At the latest safety meeting the Wrestler publicly threw the Boatswain under
the bus, which prompted our entire department to spontaneously start singing
"The Wheels on the Bus Go Round and Round..." in the stairwell afterward.

Right now I am on anchor watch. Each hour I check the anchor chain and
report to the bridge its direction and the amount of its pressure. The
direction is done, not by points, but by simple clock positions. The
pressure is a little more subjective, but I consider everything from 1 to
22.5 degrees to be "light strain," and everything from 22.5 to 45 degrees to
be "moderate strain." More than that is "heavy strain." So on the hour I
might say "Bridge... Bow... Anchor chain is up-and-down," meaning no strain
at all. Or I might say "Bridge... Bow... Anchor chain is at 10 O'clock,
moderate strain." Additionally, I feel the chain between the hawsepipe and
the pawl and if there is vibration then we're either slipping (underway) or
the chain is laying out from where it piles up when dropped.

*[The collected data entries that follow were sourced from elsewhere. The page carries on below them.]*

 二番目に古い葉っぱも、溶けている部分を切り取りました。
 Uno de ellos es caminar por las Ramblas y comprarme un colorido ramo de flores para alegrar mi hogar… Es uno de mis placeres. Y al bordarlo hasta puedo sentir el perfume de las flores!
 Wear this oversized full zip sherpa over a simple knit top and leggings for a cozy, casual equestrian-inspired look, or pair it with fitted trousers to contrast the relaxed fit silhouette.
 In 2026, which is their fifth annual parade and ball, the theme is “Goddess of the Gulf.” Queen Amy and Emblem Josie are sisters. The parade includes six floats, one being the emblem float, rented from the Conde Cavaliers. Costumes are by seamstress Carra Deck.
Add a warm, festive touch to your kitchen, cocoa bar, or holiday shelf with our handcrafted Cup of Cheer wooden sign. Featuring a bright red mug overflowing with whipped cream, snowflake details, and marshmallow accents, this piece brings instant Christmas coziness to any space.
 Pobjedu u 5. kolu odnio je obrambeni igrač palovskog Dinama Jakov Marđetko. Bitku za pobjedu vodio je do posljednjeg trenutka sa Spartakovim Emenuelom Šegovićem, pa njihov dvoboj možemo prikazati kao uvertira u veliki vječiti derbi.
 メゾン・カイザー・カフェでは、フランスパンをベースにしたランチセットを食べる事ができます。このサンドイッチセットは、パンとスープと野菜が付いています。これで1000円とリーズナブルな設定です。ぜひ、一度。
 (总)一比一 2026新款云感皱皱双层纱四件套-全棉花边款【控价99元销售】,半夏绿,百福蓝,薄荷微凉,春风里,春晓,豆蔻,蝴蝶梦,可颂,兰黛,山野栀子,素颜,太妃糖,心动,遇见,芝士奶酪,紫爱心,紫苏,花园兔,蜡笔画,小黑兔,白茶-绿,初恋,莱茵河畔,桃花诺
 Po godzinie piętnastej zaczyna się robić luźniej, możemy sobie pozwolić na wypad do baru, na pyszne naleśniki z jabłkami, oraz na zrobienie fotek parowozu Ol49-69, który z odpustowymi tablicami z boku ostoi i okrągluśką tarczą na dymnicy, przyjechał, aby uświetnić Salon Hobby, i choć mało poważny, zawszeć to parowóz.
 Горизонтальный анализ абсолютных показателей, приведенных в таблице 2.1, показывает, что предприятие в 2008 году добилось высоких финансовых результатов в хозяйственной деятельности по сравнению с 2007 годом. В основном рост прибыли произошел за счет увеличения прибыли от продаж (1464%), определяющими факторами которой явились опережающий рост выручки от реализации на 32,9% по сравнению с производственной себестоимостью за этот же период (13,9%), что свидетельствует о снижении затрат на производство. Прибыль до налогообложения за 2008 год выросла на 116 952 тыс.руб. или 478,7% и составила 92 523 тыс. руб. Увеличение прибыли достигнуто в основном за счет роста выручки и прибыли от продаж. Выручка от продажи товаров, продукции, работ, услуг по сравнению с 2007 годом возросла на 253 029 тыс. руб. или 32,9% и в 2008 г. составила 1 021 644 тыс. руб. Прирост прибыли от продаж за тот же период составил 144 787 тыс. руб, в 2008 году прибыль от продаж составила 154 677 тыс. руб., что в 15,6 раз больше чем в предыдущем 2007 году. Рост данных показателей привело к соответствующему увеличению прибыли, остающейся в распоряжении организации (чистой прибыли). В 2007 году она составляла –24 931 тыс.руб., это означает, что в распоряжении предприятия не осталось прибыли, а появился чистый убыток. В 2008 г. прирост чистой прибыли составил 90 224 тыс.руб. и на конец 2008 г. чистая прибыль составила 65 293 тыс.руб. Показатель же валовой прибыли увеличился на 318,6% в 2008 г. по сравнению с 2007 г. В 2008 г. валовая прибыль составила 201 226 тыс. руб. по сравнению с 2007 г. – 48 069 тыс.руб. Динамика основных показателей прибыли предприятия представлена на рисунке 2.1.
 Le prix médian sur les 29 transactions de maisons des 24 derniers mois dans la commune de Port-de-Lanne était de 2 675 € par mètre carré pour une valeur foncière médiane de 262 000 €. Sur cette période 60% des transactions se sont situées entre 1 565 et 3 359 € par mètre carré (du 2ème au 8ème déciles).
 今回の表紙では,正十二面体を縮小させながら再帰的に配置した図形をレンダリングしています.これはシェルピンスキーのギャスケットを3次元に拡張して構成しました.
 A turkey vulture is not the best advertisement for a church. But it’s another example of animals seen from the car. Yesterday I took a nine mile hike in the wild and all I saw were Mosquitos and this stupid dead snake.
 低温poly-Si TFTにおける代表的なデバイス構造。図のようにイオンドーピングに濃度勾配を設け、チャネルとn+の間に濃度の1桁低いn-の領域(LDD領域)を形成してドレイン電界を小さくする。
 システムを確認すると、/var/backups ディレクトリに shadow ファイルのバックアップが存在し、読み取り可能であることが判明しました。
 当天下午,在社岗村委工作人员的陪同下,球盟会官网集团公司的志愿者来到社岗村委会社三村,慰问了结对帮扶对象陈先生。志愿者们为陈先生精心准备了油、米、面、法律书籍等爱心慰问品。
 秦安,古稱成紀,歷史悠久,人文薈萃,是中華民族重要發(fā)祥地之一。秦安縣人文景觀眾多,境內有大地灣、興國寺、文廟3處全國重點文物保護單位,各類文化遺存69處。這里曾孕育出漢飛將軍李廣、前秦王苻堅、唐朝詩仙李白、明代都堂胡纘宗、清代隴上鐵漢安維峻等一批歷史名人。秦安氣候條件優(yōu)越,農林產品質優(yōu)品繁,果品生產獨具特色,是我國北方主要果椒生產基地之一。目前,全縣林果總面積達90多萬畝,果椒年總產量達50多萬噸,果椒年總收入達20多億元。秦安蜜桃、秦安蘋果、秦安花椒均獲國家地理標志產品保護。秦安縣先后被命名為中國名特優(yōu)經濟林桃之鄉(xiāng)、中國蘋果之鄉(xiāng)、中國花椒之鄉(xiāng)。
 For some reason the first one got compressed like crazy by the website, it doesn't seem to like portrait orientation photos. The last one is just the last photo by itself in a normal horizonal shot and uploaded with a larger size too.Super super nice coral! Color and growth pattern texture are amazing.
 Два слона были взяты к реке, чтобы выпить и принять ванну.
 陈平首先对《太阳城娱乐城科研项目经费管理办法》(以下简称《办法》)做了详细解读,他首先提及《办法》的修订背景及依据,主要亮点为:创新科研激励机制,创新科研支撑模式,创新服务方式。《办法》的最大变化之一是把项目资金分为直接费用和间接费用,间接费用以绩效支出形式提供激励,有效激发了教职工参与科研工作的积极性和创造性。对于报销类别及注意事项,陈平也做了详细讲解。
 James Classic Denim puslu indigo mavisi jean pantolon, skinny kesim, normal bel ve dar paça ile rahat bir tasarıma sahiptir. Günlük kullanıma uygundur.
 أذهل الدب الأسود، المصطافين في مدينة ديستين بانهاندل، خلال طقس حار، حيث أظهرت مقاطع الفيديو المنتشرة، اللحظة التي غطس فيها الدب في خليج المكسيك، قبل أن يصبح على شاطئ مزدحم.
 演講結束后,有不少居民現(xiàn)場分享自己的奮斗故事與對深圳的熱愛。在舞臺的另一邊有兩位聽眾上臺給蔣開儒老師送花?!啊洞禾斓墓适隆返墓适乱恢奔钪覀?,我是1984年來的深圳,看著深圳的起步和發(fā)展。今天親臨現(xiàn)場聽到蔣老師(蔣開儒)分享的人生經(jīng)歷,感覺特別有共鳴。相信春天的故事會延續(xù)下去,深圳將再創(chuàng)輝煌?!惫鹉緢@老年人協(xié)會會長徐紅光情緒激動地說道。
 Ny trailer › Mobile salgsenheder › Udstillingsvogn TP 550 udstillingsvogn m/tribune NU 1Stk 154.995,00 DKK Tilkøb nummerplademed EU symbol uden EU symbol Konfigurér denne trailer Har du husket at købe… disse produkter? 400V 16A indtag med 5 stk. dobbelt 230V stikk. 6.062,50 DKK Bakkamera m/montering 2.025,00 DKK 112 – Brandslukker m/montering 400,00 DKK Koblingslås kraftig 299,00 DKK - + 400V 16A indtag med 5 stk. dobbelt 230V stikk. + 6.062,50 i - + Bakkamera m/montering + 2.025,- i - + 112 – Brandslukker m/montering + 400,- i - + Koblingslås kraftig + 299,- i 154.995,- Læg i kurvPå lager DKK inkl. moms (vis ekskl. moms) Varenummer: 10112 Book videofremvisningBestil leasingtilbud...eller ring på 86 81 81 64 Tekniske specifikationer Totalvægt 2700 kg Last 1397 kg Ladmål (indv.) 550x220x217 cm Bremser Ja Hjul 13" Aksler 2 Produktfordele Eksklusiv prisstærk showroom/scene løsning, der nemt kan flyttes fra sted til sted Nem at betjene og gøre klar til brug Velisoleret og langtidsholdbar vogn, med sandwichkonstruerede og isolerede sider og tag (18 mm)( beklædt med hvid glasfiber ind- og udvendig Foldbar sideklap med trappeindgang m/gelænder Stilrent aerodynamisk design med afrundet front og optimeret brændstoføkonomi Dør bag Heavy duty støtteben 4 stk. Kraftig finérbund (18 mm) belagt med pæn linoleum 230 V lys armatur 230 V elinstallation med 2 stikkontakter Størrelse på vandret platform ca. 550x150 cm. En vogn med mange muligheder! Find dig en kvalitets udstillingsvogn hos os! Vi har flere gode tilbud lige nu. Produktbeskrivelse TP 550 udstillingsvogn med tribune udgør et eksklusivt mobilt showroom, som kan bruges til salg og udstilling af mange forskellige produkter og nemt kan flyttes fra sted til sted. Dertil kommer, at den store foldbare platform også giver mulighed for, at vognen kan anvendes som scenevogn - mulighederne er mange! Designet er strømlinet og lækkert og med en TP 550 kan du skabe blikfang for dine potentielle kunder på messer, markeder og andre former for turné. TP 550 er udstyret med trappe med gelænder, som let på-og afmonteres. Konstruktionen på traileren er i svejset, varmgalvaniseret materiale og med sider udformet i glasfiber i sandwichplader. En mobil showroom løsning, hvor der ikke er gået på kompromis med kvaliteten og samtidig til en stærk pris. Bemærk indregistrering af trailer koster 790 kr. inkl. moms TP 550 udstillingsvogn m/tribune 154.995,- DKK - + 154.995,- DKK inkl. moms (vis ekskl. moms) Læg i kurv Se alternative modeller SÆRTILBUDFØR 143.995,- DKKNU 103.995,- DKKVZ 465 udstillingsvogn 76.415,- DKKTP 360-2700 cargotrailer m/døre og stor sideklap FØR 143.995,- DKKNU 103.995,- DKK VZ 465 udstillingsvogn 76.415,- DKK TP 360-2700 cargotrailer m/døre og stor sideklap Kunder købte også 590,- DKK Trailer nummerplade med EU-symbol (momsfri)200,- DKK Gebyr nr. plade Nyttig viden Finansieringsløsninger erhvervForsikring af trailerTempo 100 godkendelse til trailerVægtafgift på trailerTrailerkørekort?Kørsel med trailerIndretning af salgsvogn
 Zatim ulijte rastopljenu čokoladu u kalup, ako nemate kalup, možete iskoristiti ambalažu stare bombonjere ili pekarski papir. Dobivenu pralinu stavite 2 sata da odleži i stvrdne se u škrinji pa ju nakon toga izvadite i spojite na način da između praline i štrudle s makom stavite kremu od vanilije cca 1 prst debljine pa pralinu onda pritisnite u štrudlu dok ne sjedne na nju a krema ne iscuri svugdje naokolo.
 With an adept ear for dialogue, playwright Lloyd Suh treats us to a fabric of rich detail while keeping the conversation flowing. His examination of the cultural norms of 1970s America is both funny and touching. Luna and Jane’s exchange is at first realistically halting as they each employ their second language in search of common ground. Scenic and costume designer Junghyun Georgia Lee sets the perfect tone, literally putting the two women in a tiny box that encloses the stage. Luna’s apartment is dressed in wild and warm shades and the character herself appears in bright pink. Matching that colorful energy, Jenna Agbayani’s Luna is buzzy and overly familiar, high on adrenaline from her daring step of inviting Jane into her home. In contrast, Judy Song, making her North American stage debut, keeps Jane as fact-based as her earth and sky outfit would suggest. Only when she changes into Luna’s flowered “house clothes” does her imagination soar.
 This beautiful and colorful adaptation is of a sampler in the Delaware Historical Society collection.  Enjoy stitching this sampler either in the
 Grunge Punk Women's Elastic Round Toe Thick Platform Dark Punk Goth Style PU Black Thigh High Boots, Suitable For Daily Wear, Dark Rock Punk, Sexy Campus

Also, I am on Gangway Watch, which is to say that I raise and lower the
gangway for launches. We have a gangway that telescopes in and out while it
rises and lowers- which makes some sense, but it is so unbearably slow that
no matter what the benefits the shorter length might give, they become
completely lost to the tedium that is holding the up or down button and
watching it creep up or down. It is so slow that the launch pilots get
pissed and their "down" hand signals become increasingly frantic as it moves
downward at a comparable speed to that of lichens accumulating on a rotten
stump. More often than not they hit their horns continually and shout what
must be Singaporean obscenities.

And that's all I got. A day in the life of. Gotta go make my rounds.

1 comment:

  1. Can't wait for you to share your Singaporean obscenity tales in person.
    Stay Safe through pirate - and all - waters.